[Exercise instructions]
From the entries below, please output exactly the lines starting at the one containing "11x14 Slim Profile" and ending at the one containing "The changes workers", both included.

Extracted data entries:
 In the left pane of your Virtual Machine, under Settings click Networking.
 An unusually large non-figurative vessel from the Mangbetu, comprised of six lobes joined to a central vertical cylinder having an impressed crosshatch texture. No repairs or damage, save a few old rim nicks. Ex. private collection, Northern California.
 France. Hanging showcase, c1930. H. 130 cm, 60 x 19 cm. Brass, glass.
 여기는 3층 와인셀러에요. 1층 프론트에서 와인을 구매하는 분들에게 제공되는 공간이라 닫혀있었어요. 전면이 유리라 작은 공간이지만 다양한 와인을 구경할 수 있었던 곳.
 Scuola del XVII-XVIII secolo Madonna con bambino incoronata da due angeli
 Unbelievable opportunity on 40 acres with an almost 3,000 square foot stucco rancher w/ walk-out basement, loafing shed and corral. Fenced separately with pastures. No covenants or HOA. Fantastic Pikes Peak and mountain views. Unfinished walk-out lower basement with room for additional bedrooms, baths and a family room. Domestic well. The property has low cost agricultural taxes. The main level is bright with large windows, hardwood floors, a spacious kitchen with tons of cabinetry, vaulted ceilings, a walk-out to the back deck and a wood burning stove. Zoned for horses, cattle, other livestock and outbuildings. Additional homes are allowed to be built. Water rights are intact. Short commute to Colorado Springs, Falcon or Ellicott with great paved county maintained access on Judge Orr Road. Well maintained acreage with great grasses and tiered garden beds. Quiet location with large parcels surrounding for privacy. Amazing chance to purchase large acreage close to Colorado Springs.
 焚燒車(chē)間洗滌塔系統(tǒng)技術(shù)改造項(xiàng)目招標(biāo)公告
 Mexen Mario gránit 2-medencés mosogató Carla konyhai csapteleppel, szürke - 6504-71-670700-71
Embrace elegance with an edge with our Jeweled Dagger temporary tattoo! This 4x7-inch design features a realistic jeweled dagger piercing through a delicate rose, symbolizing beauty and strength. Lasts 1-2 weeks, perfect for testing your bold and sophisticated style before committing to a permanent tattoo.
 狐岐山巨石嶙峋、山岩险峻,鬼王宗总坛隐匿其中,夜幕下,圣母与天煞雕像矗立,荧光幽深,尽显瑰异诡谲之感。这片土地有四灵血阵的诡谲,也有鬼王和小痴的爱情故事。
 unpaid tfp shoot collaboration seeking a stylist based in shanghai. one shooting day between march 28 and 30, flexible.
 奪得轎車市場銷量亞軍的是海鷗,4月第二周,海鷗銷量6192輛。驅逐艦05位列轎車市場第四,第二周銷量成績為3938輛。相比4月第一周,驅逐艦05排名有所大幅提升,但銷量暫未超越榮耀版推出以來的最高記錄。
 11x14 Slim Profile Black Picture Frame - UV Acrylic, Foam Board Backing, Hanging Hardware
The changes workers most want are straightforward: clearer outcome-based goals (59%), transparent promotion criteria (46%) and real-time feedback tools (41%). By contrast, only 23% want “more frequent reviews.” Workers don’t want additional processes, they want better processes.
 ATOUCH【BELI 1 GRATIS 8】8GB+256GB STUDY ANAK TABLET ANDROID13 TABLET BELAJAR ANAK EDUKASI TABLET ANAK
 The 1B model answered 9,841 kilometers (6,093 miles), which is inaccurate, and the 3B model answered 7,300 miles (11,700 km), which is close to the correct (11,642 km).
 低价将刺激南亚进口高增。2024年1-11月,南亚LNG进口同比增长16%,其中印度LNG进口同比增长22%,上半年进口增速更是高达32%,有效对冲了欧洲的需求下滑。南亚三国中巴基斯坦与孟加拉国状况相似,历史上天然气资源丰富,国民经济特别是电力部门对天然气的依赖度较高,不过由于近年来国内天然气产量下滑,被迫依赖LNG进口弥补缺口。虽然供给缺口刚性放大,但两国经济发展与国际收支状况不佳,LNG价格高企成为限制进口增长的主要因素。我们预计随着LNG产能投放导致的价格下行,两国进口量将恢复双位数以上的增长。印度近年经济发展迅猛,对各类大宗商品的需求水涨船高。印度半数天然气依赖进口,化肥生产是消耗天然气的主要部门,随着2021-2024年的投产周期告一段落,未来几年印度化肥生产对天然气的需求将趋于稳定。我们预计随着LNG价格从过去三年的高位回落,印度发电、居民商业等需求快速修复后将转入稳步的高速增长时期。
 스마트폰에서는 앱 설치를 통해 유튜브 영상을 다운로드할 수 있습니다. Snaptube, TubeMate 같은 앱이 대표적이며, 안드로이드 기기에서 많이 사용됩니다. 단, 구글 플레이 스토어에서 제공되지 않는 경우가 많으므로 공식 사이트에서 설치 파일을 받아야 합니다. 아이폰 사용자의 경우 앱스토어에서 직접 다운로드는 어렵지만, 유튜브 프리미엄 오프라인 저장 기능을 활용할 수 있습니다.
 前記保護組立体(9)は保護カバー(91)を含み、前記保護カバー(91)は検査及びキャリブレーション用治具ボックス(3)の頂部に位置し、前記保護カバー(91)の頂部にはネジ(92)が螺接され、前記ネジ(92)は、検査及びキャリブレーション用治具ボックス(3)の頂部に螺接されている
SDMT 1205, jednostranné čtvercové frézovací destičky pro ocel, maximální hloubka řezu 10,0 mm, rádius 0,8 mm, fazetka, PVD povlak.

[Task answer]
 11x14 Slim Profile Black Picture Frame - UV Acrylic, Foam Board Backing, Hanging Hardware
The changes workers most want are straightforward: clearer outcome-based goals (59%), transparent promotion criteria (46%) and real-time feedback tools (41%). By contrast, only 23% want “more frequent reviews.” Workers don’t want additional processes, they want better processes.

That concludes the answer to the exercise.